Houa Xiong, a senior at St. Paul Johnson High School, and her mentor, 3M engineer Keith Grauppman, have a great relationship that spanned a 3M internship last summer for Xiong and helped inspire her to apply to Macalester College and the University of Minnesota to study science and math.

For Grauppman, a decade-long mentor to several high school students, Xiong and the other bright kids from the East Side of St. Paul are inspiring and increase his "faith in the future."

"Some of these kids say they can't afford to go to college, or that nobody from their family has gone to college," Grauppman said the other day. "I encourage them to apply and tell them" about all the aid available to promising students, regardless of income.

Countless studies and anecdotal evidence prove that mentoring between caring, successful adults and low-income kids is a low-cost, high-return way to improve high school academic performance and motivate many of them to post-high school education by linking school to economic success.

3M mentors have done such a good job, including providing corporate support to a variety of mentoring initiatives, that the company was named the first corporate recipient of the "Excellence in Mentoring in America Award" from Mentoring Works, at its annual January conference in Washington, D.C.

More than 500 3M employees and retirees serve as mentors through the 3M/St. Paul Public School Partnership. And 3M funds a volunteer coordinator at Johnson and Harding schools, near 3M's Maplewood campus, who helps connect the teachers and students with 3M volunteers and mentors for classroom discussions, science fairs, tutoring and mentoring matches.

Joellen Gonder-Spacek, executive director of the 20-year-old Minnesota Mentoring Partnership, calls 3M a cornerstone supporter of her organization, the umbrella organization for hundreds of mentoring organizations, from schools to Big Brothers Big Sisters to Bolder Options, that can use business volunteers.

Eventually, as the economy continues to recover, employers hire and baby boomers retire, America will have a job shortage, the demographers tell us. Besides, I've never met a mentor who did not say he or she got more than they gave from the relationship. More information: www.mpmn.org.

BRIDGE MAKES PROGRESS

Dan Pfarr, the three-year boss at the Bridge for Youth, the counseling and short-term housing resource for homeless teens, is relaxing a bit after spending most of his initial tour streamlining budgets and staff amid the recession and unprecedented demand.

Corporate and individual donations rose in 2012. And, thanks to critical technology investments from the likes of Target, Wells Fargo and Fidelity Investments, the Bridge is installing an electronic-records system and working with the Wilder Foundation on a "point-in-time shelter-count" system that will enable it and similar nonprofit businesses to better manage their caseloads in concert with sister agencies.
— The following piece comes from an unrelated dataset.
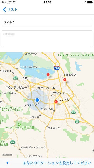 買い物リストとそのリストを購入したいお店とをロケーション設定から連携させることができます。アプリを起動されるとリストとロケーション設定した場所が表示されるので、どこで買い物をするかが一目で分かります。

Meanwhile, Pfarr is grateful for the pro bono work of marketing agency StoneArch, which provided up to $90,000 in services, including a new website at www.bridgeforyouth.org, YouTube videos, marketing material and more.

"The 'rebrand' takes us from who we were to who we are and what we want to be," Pfarr said. "StoneArch understood us from the get-go."

The volunteers got more than they gave.

"Our team was just overwhelmed by the experience," said Jessica Boden, president of StoneArch. "We gained a greater empathy and appreciation for their tireless work and the countless ways they are making a difference."

SHORT TAKES

• Minneapolis-based Peterson Milla Hooks, for more than a decade the creative agent behind successful Target branding and advertising campaigns, has been named "Comeback Agency of the Year" by Advertising Age for its recovery in the wake of losing the Target account less than two years ago.

In 2010, Target accounted for all of PMH's revenue. Ad Age said PMH replaced all the lost Target business in 12 months while increasing net income from 2011 to 2012 by 16 percent. Today, the client list for the 62-person shop includes retail giants J.C. Penney, Kmart, Gap, Chico's, Mattel, Sephora and Children's Hospitals and Clinics.

DAVID PHELPS

• Alleged electronic hacking by China against the New York Times is just the latest wrinkle in the ongoing China cyber-security story.

On Wednesday, Feb. 6, at 7:30 a.m., U.S.-China Business Connections, a nonprofit that serves small businesses doing or seeking Chinese business, will sponsor a panel discussion at Opus Hall at the University of St. Thomas downtown campus on "Cyber & Digital Asset Security with China."

The panels will include Scott Singer, chief technologist at Par Systems; Mike Mantzke, CEO of Global Data Sciences; and moderator Amy Xu of Dorsey & Whitney.